Two other couples joined them for dinner: a hedge-fund manager and his wife, who were renting the house next door, and another gay couple, a well-known artist and his partner, who had a studio in East Hampton. The food was beautiful—Blue Point oysters, a whole fresh salmon, fine wines that Ellis had collected on various trips to Europe. Everyone except Jaz appeared to be enjoying themselves, particularly Lisa, who was radiating a social energy he hadn’t seen in a long time, holding forth to the table about art and books and music, making everyone laugh. On another day, he would have been proud of his wife, overjoyed to see her so happy. Now he just felt sour. The conversation had little to do with finance, though Fenton occasionally tried to turn things back in that direction. The artist described his latest work, which involved artificially distressing thrift-store paintings and mounting the results in wooden boxes. Cy told the story of an acquaintance who’d been conned by a dealer selling fake Joseph Cornells. There was a lot of talk about travel, trips to Italy, Iceland, the Maldives. Only then did Lisa fall silent. It had been a long time since they’d gone on vacation.
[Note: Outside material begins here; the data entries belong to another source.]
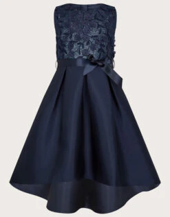 Perfect for weddings and christenings where ivory isn’t on the dresscode, our Anika dress is created in duchess twill with floral embroidery and 3D appliques. The skirt is pleated with a high low hemline and the back fastens with a concealed zip. Fully lined. Blue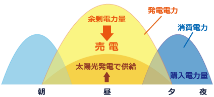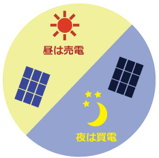 | 夜間は発電できないため、電力会社から買電(電気を購入)します。その際、夜間の電気代を安くする時間帯別電灯契約※を利用すれば、さらに効率的に電気代を節約することができます。 |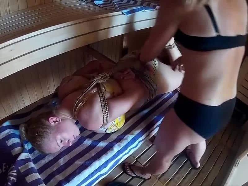Wenns warm wird, können heiße Mädels im Spiel sein. Oder eine finnische Sauna. Oder beides. Denn dort im Spa verpackt Riggerin Hera Delgado ihr kleines Bunny zu einem Hogtie-Paket und lässt sie in der Hitze schmoren.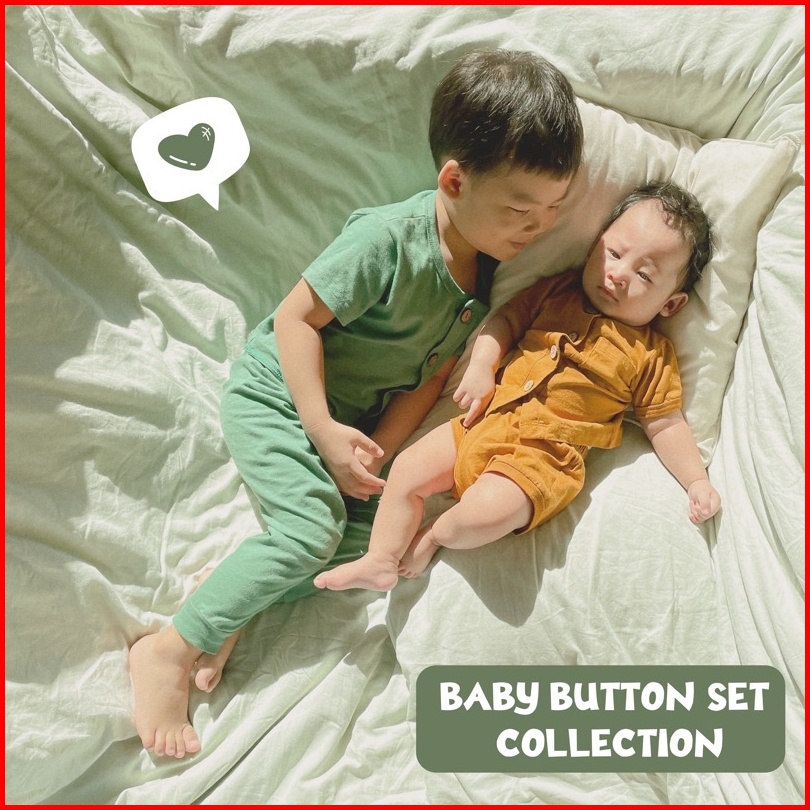 Little Me - Setelan Bayi Baby Button Set Short Pants Baby Set Celana Pendek Piyama Bayi Lengan Pendek Pakaian Bayi Setel

Jaz brooded on what Lisa had said upstairs. Could she be right? Was he a bigot? He had to admit he didn’t really understand the way Bachman lived. There was the age difference. Perhaps it was no different from Fenton and Nadia, but Cy as a trophy husband? Surely he was the wealthier of the two? They certainly weren’t a family, not in the way he thought of one. What was the purpose of all this wealth and culture if not to be passed on? Perhaps that was where Chase fitted in. A surrogate son? He wasn’t sure why he’d taken such a dislike to the boy. It had something to do with his poise, the ease with which he carried his good looks. Chase looked somehow invulnerable, golden, as if the Long Island sun had warmed him right through to the marrow. Watching him languorously pour wine and serve salad, Jaz wanted to scream:
Get a real job! Stop being a parasite!

Despite the evening breeze, the air on the deck felt close and humid. Jaz mopped the sweat from his forehead with a handkerchief. When the party left the table for liqueurs, Cy and Lisa slipped off to the study.
Feeling like a spy—or a jealous husband—Jaz followed them, knowing he was making himself ridiculous, yet still irritated by his wife’s look of surprise as he poked his head around the door. He clasped her proprietorially by the waist as Cy showed off yet more treasures, his collection of early printed books of Jewish mysticism. Here was a text of the
Zohar
printed in Antwerp in the 1580s. Here was Isaac Luria’s
Tree of Life
in an eighteenth-century Polish edition.… Cy held the Luria open to a page of diagrams of interconnected circles, like molecules in an organic chemistry textbook. Lisa emitted little oohs and aahs of wonder. It was more than politeness; she seemed moved. Jaz tried to infuse his hug with meaning, hoping to transmit an intimacy he didn’t feel.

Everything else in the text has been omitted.